*Directions*
An exact reprint of the listing is required, with no pictures included.

*Given material*
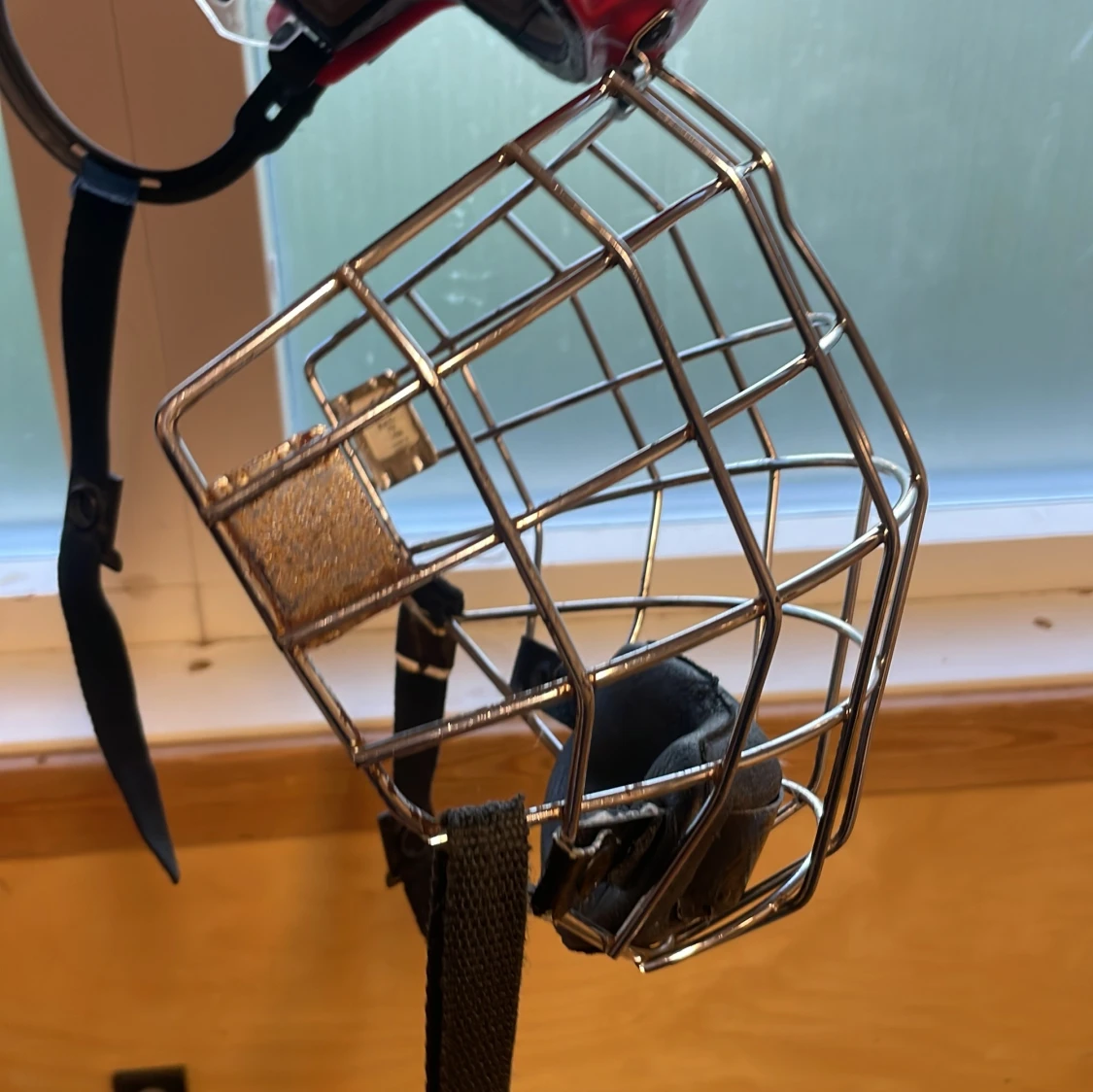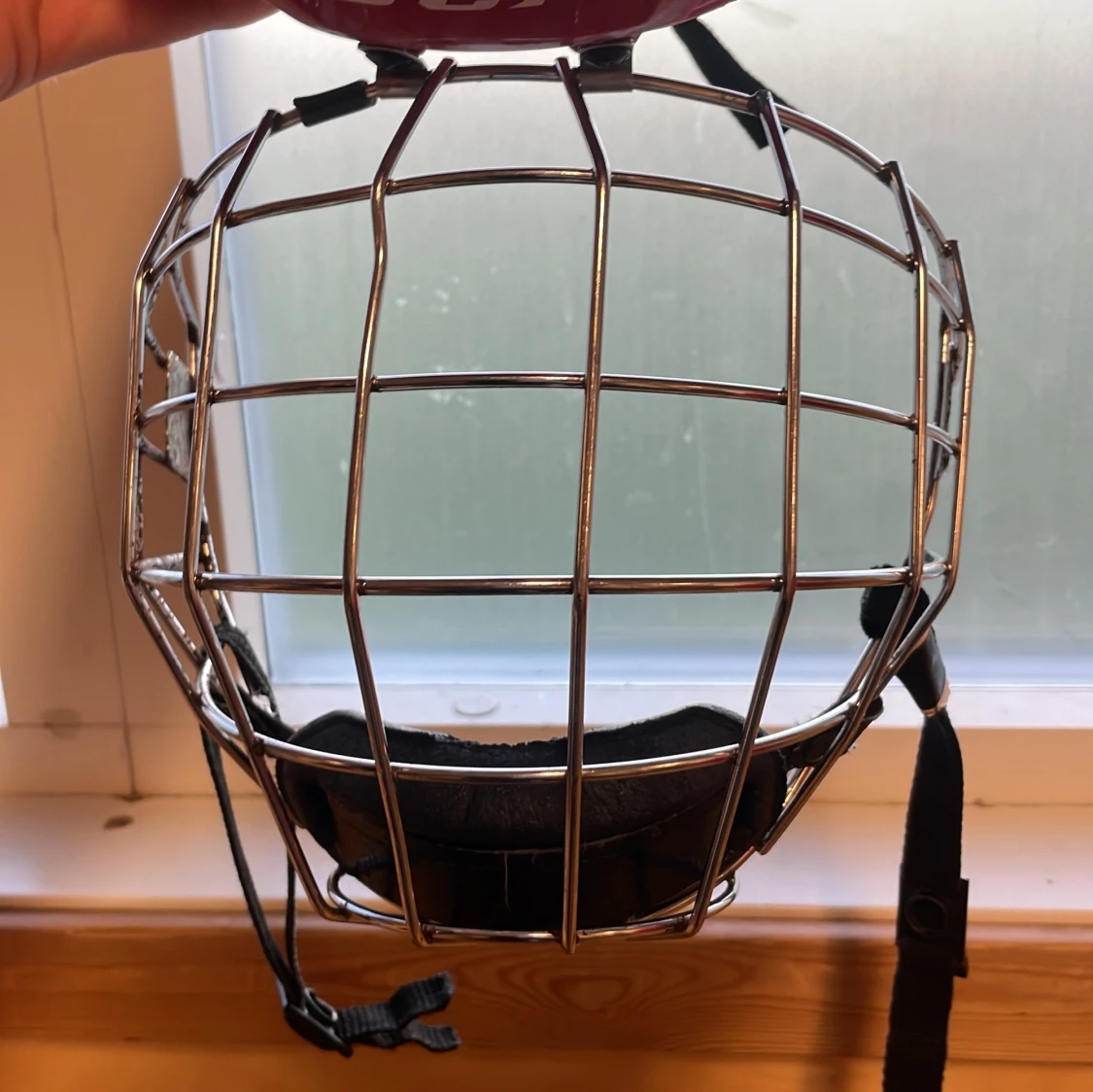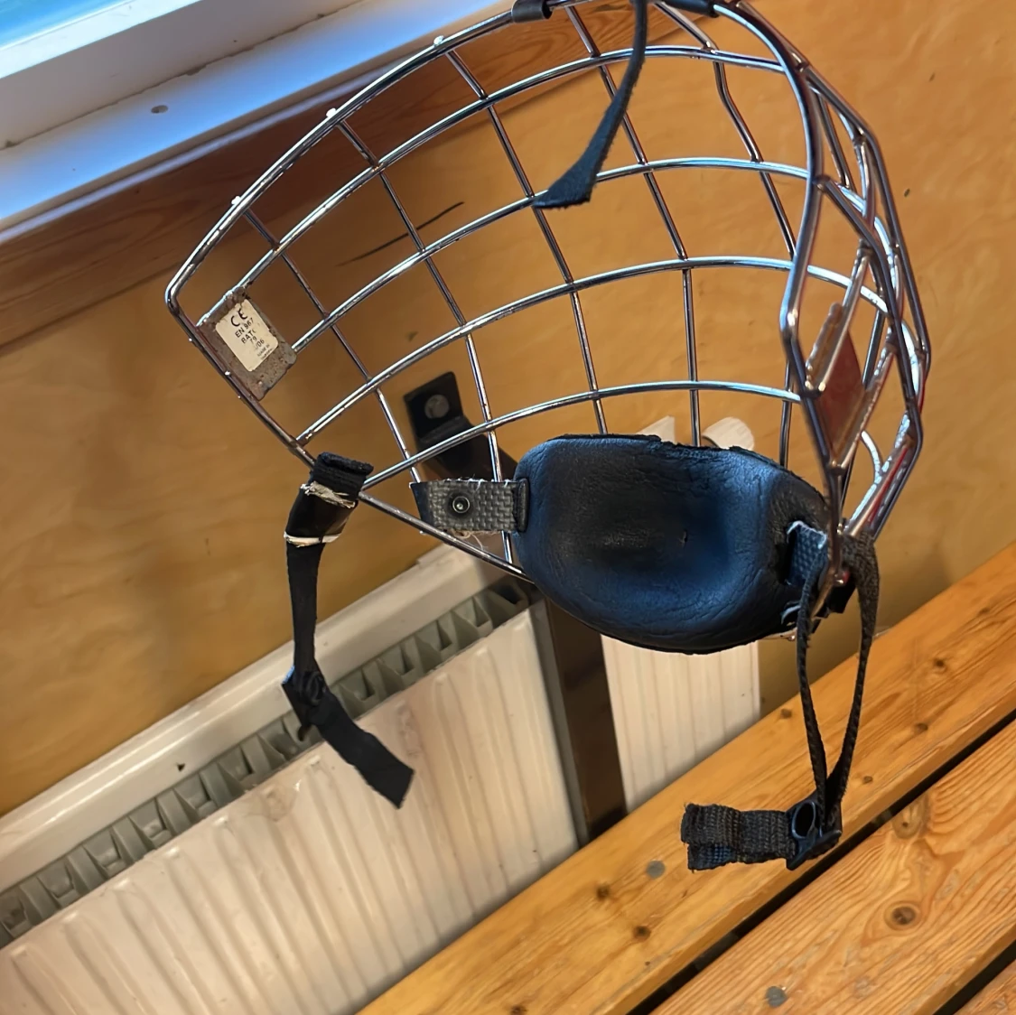 Säljer ett Jofa 480M hockeygaller i silverfärgad metall med svart hakskydd och justerbara remmar. Gallret är sällsynt och passar perfekt till hockeyhjälm för extra ansiktsskydd på isen.🏒 Gallret passar troligtvis S på hjälmen! Gallret är lite rostigt men den är sällsynt och tillverkas inte längre!
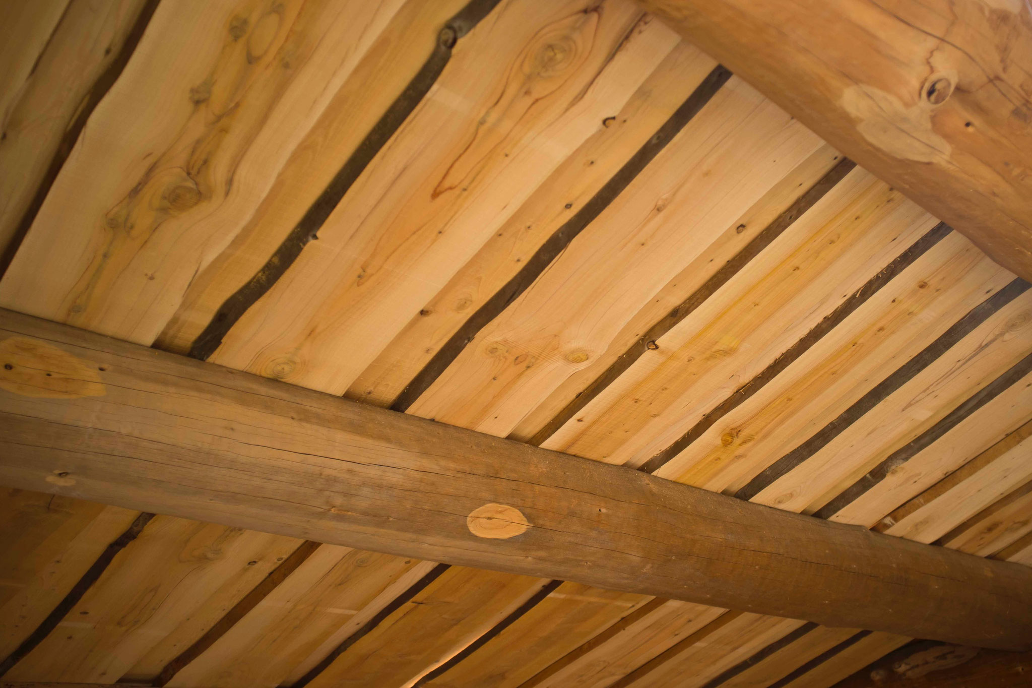 Un cocon de rondins de bois brut diffusant son parfum d'essences de cèdre blanc sous un toit végétal offrant fleurs ou manteau neigeux selon la saison.
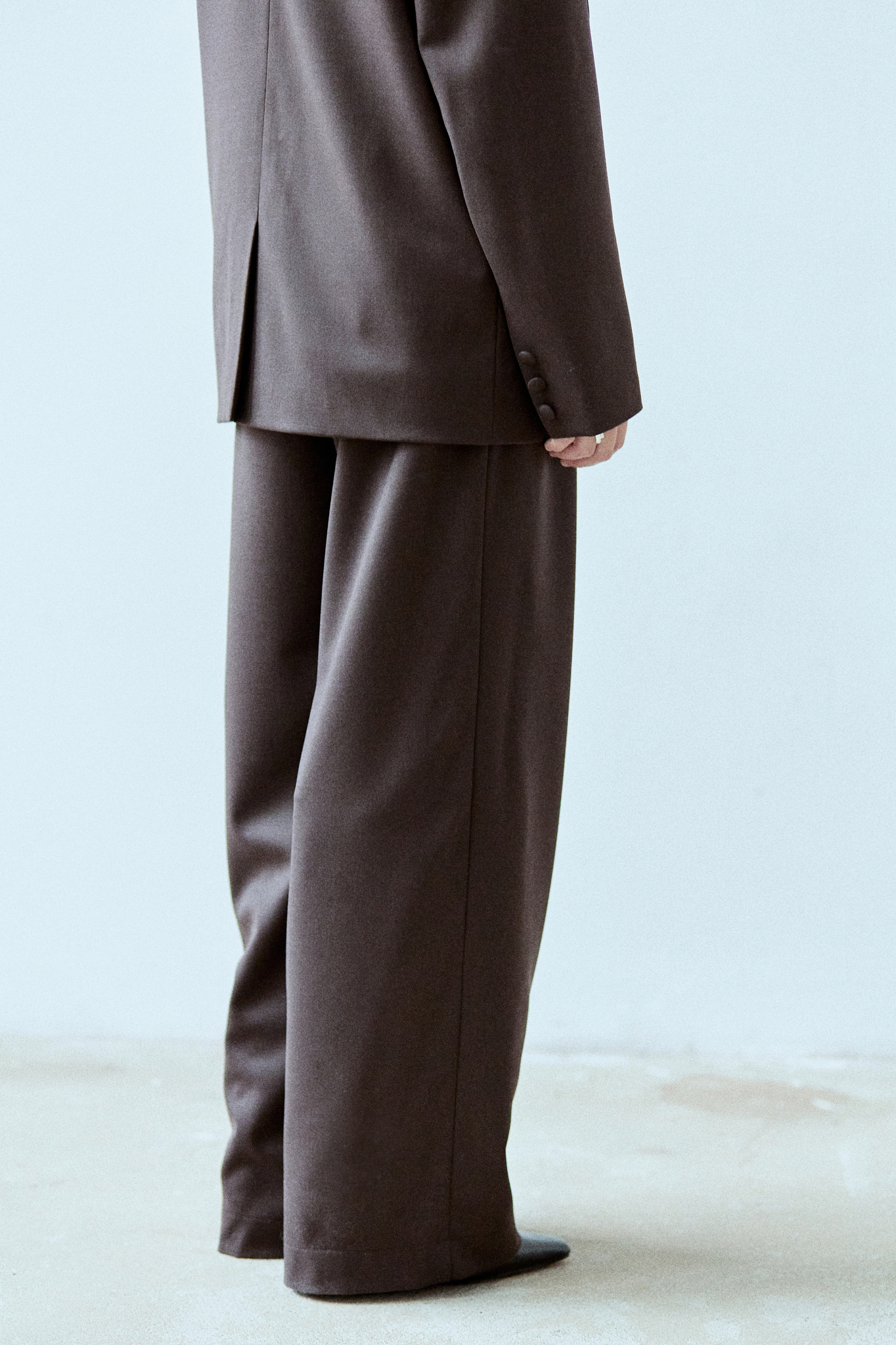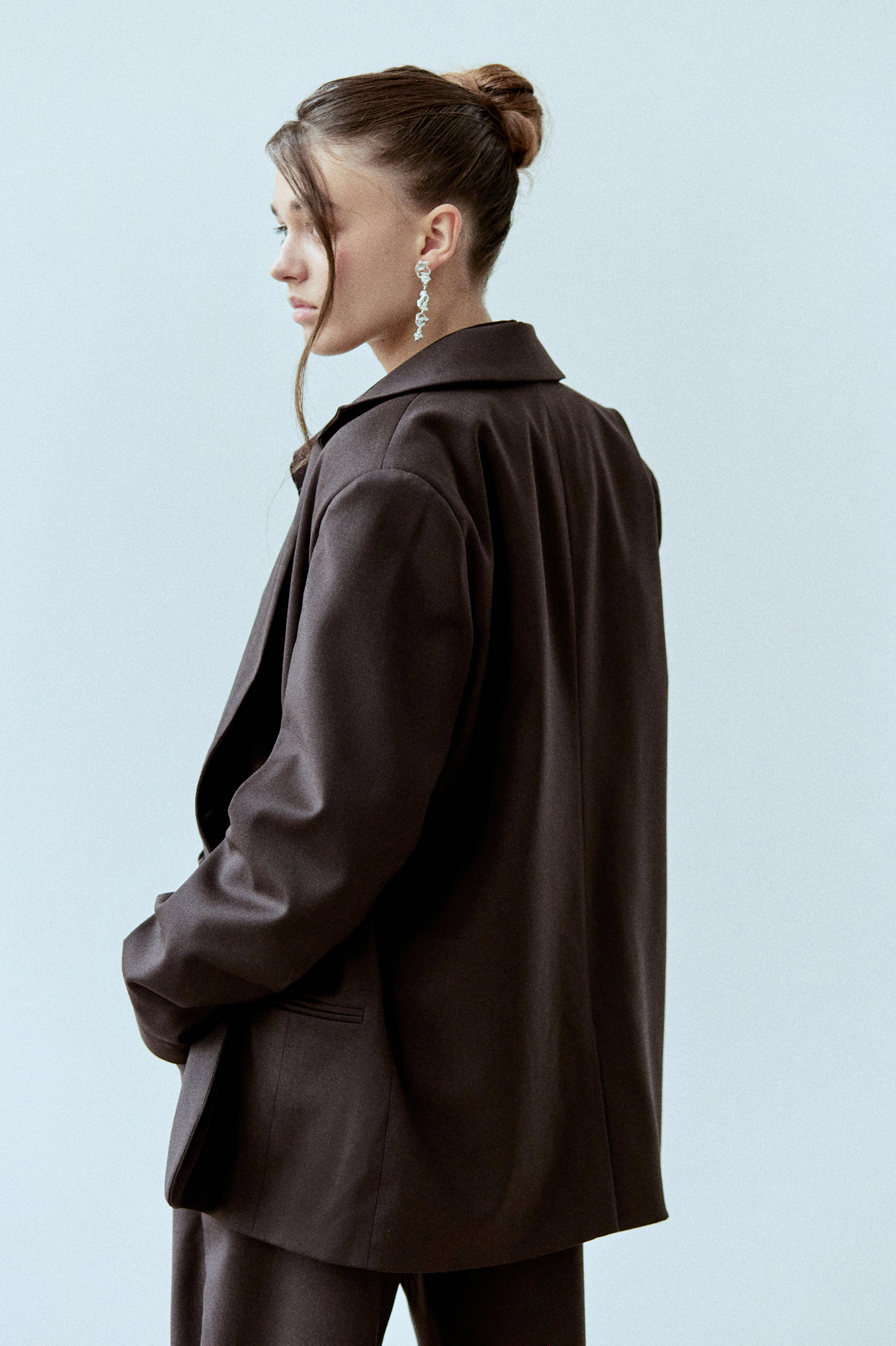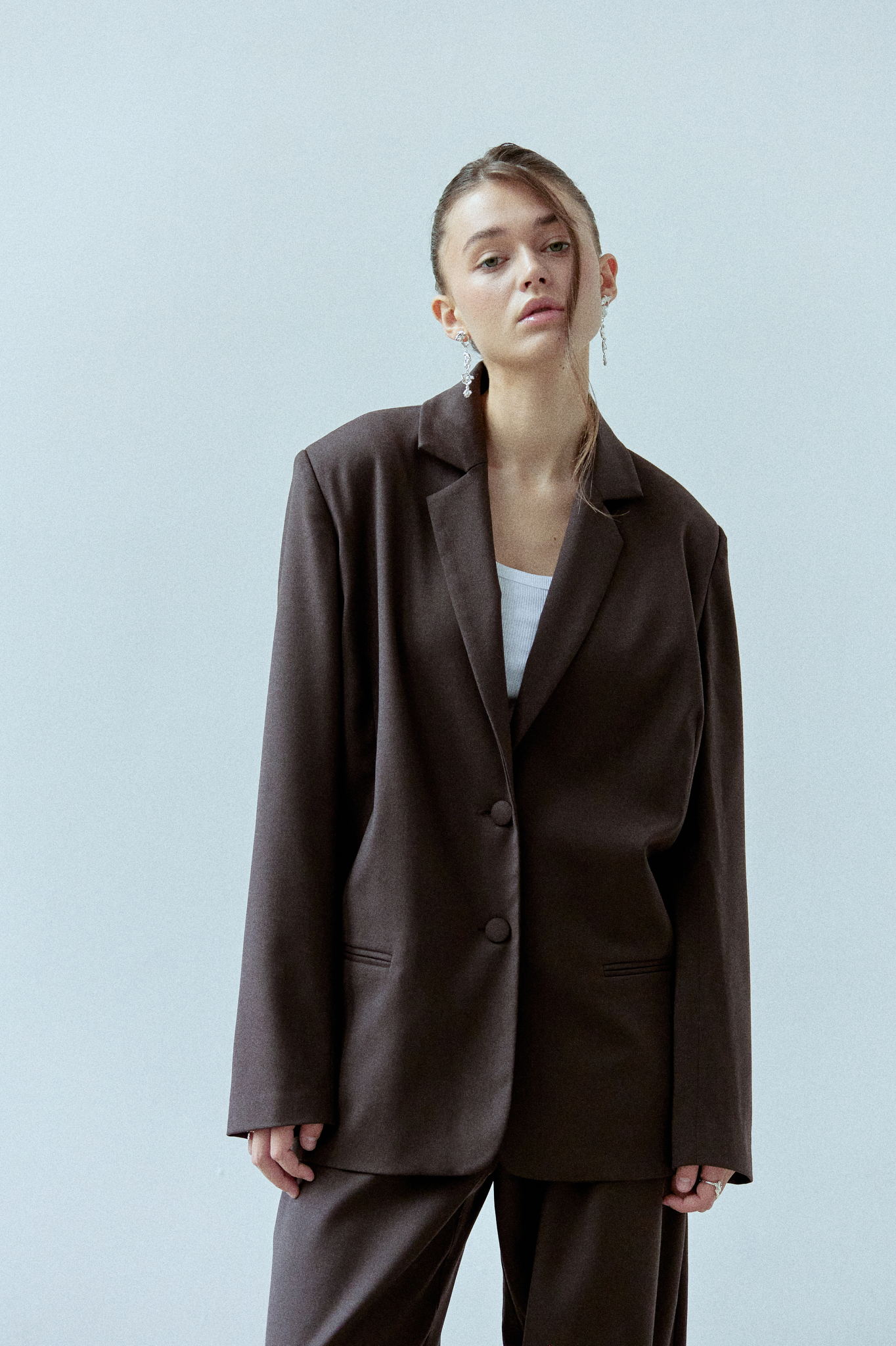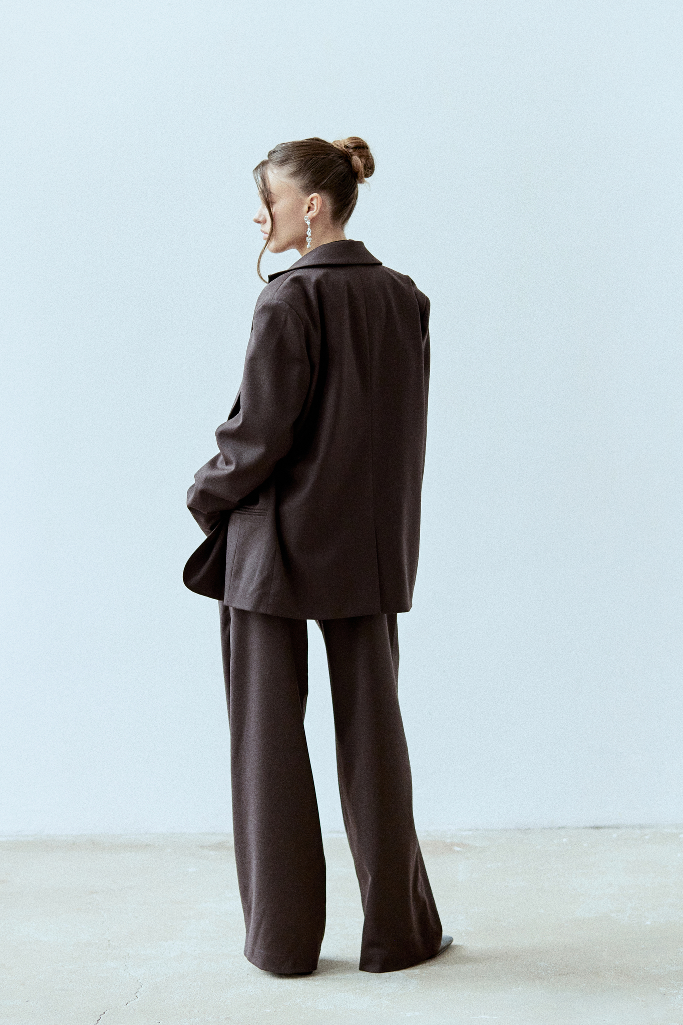 Marynarka Flavia to nowoczesna interpretacja klasycznej, męskiej formy w kobiecym wydaniu. Ma prosty, lekko oversize’owy krój, który nadaje sylwetce swobodny, a zarazem elegancki charakter. Uszyty z wysokiej jakości wełny w głębokim odcieniu brązu, wyróżnia się dopracowanymi detalami – powlekanymi guzikami, kieszeniami bocznymi oraz guzikami przy mankietach. Subtelnie zaznaczone ramiona podkreślają jego strukturę, a rozporek z tyłu zapewnia lekkość i komfort noszenia. Dla pełnego efektu stylizacji połącz go ze spodniami Flavia i koszulą Blanca.

*Response to this exercise*
 Säljer ett Jofa 480M hockeygaller i silverfärgad metall med svart hakskydd och justerbara remmar. Gallret är sällsynt och passar perfekt till hockeyhjälm för extra ansiktsskydd på isen.🏒 Gallret passar troligtvis S på hjälmen! Gallret är lite rostigt men den är sällsynt och tillverkas inte längre!
 Un cocon de rondins de bois brut diffusant son parfum d'essences de cèdre blanc sous un toit végétal offrant fleurs ou manteau neigeux selon la saison.
 Marynarka Flavia to nowoczesna interpretacja klasycznej, męskiej formy w kobiecym wydaniu. Ma prosty, lekko oversize’owy krój, który nadaje sylwetce swobodny, a zarazem elegancki charakter. Uszyty z wysokiej jakości wełny w głębokim odcieniu brązu, wyróżnia się dopracowanymi detalami – powlekanymi guzikami, kieszeniami bocznymi oraz guzikami przy mankietach. Subtelnie zaznaczone ramiona podkreślają jego strukturę, a rozporek z tyłu zapewnia lekkość i komfort noszenia. Dla pełnego efektu stylizacji połącz go ze spodniami Flavia i koszulą Blanca.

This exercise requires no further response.